__Try it__
Word for word and without images, transcribe all of the records.

Records excerpted from a collection
-- Opening Marker --

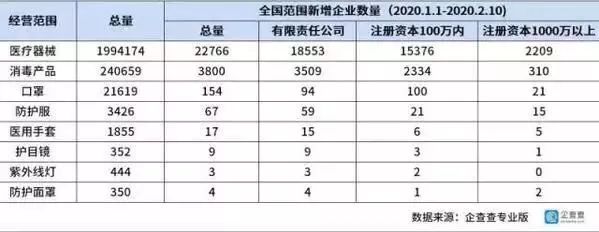 根據(jù)企查查專業(yè)版數(shù)據(jù)顯示,自2020年1月1日至2月10日,經(jīng)營范圍涉及醫(yī)療器械、消毒產(chǎn)品等防護制品的企業(yè)增勢喜人,全國范圍內(nèi)醫(yī)療器械新增企業(yè)數(shù)超2萬家,消毒產(chǎn)品次之。
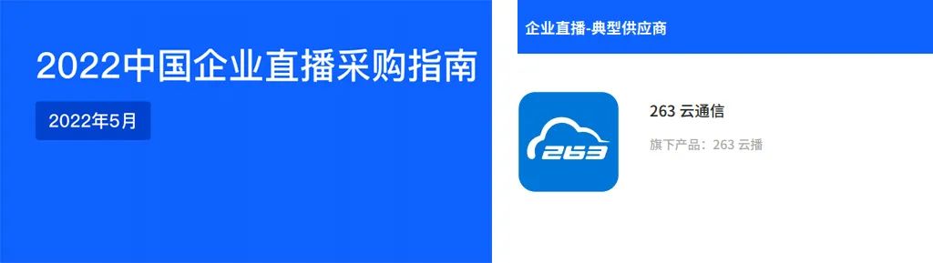 日前,國內知名數字化產品點評調研機構字母點評發布了《2022中國企業直播采購指南》,263旗下企業直播產品263云播憑借在產品實力、場景覆蓋、服務保障等多個維度的絕對實力,成功入選該指南,被評為中國企業直播市場典型供應商。
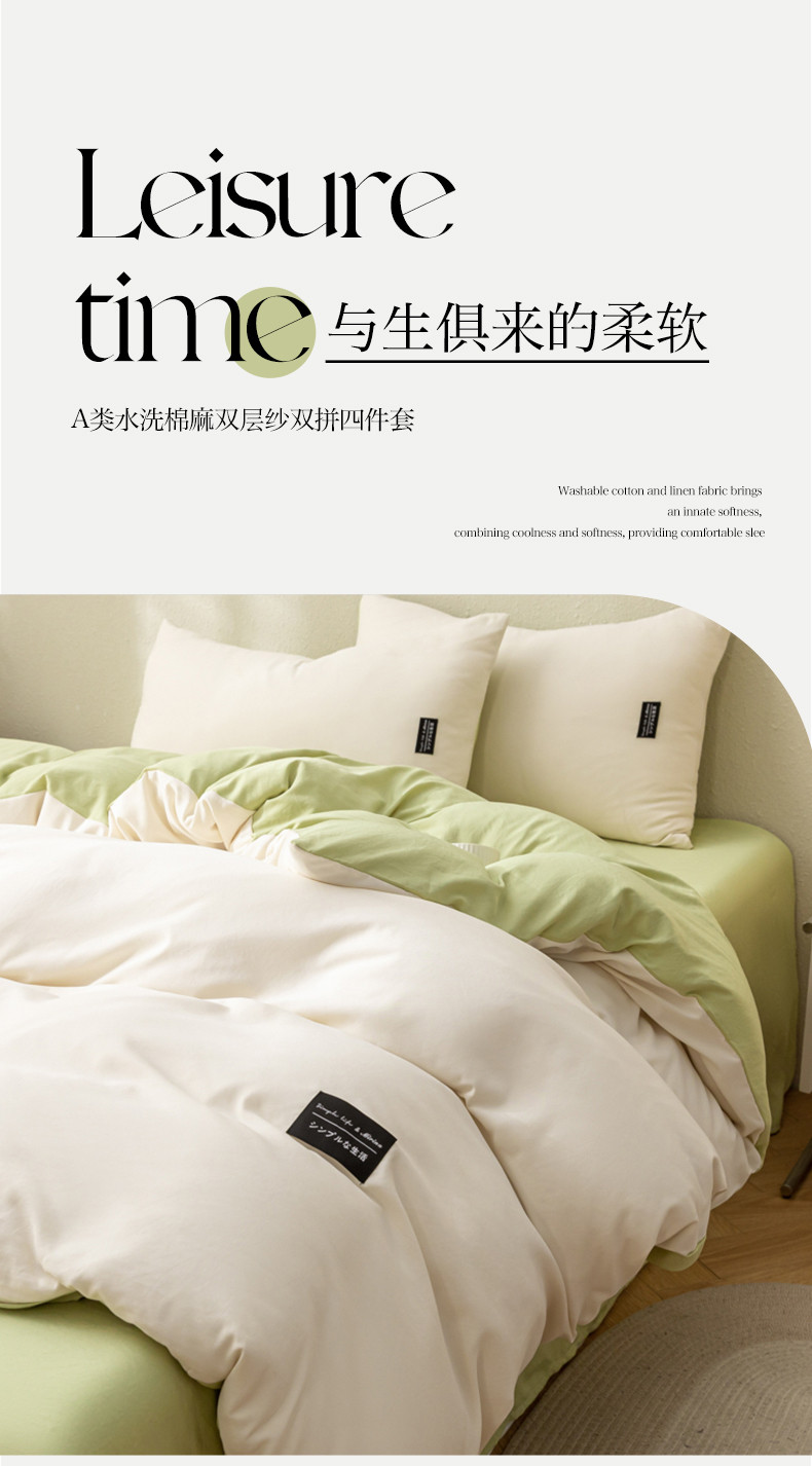 当前位置: 91家纺网 > 商品网购 > 床品套件 > 四件套 > 水洗棉四件套 > 米瑞娜 2024新款 水洗棉麻双拼纯色四件套 白+豆绿
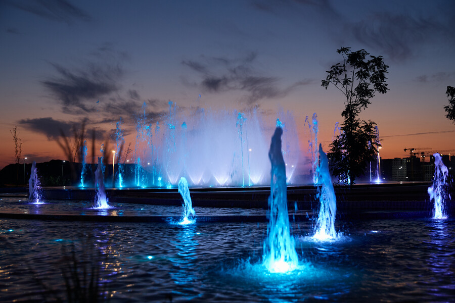 В фонтане применены форсунки с изменяемой формой струи Swap Jet S - 9 шт. и светодиодными светильниками RGBW DMX - 36 шт., туманообразующие форсунки - 128 шт., насадки с пенным эффектом и кольцевые светильники RGBW DMX - 36 шт., моноструйные форсунки и кольцевые светильники RGBW DMX - 50 шт., точечные светильники RGBW DMX - 214 шт. Это новый уровень реализации архитектурного паркового фонтана, построенного при участии нашей компании.
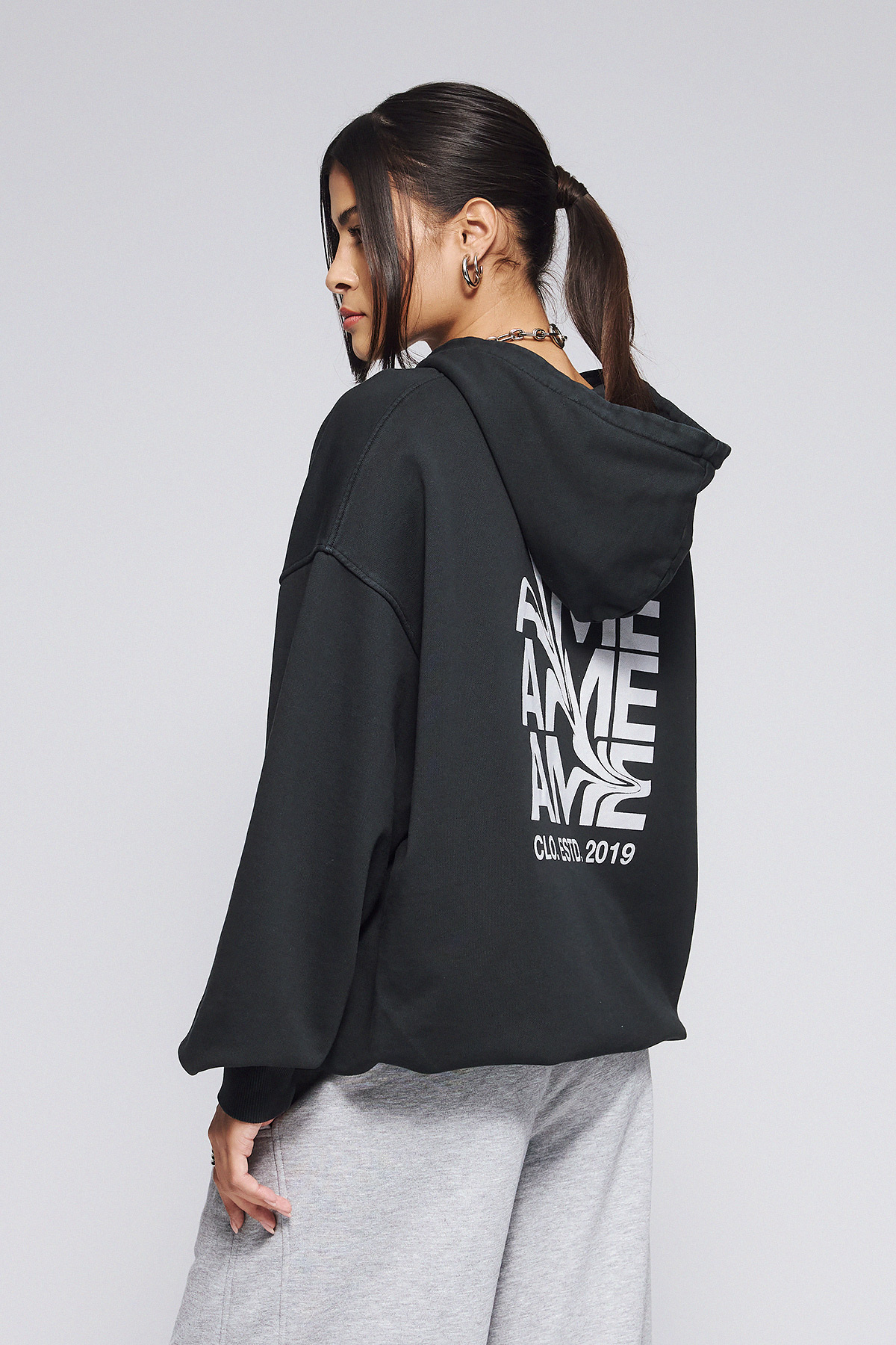 Μαύρο oversized φούτερ με κουκούλα χωρίς χνούδι με 100% οργανικό βαμβάκι, με απαλή υφή και δομημένη εφαρμογή.

-- Closing Marker --

__Solution to the exercise__
 根據(jù)企查查專業(yè)版數(shù)據(jù)顯示,自2020年1月1日至2月10日,經(jīng)營范圍涉及醫(yī)療器械、消毒產(chǎn)品等防護制品的企業(yè)增勢喜人,全國范圍內(nèi)醫(yī)療器械新增企業(yè)數(shù)超2萬家,消毒產(chǎn)品次之。
 日前,國內知名數字化產品點評調研機構字母點評發布了《2022中國企業直播采購指南》,263旗下企業直播產品263云播憑借在產品實力、場景覆蓋、服務保障等多個維度的絕對實力,成功入選該指南,被評為中國企業直播市場典型供應商。
 当前位置: 91家纺网 > 商品网购 > 床品套件 > 四件套 > 水洗棉四件套 > 米瑞娜 2024新款 水洗棉麻双拼纯色四件套 白+豆绿
 В фонтане применены форсунки с изменяемой формой струи Swap Jet S - 9 шт. и светодиодными светильниками RGBW DMX - 36 шт., туманообразующие форсунки - 128 шт., насадки с пенным эффектом и кольцевые светильники RGBW DMX - 36 шт., моноструйные форсунки и кольцевые светильники RGBW DMX - 50 шт., точечные светильники RGBW DMX - 214 шт. Это новый уровень реализации архитектурного паркового фонтана, построенного при участии нашей компании.
 Μαύρο oversized φούτερ με κουκούλα χωρίς χνούδι με 100% οργανικό βαμβάκι, με απαλή υφή και δομημένη εφαρμογή.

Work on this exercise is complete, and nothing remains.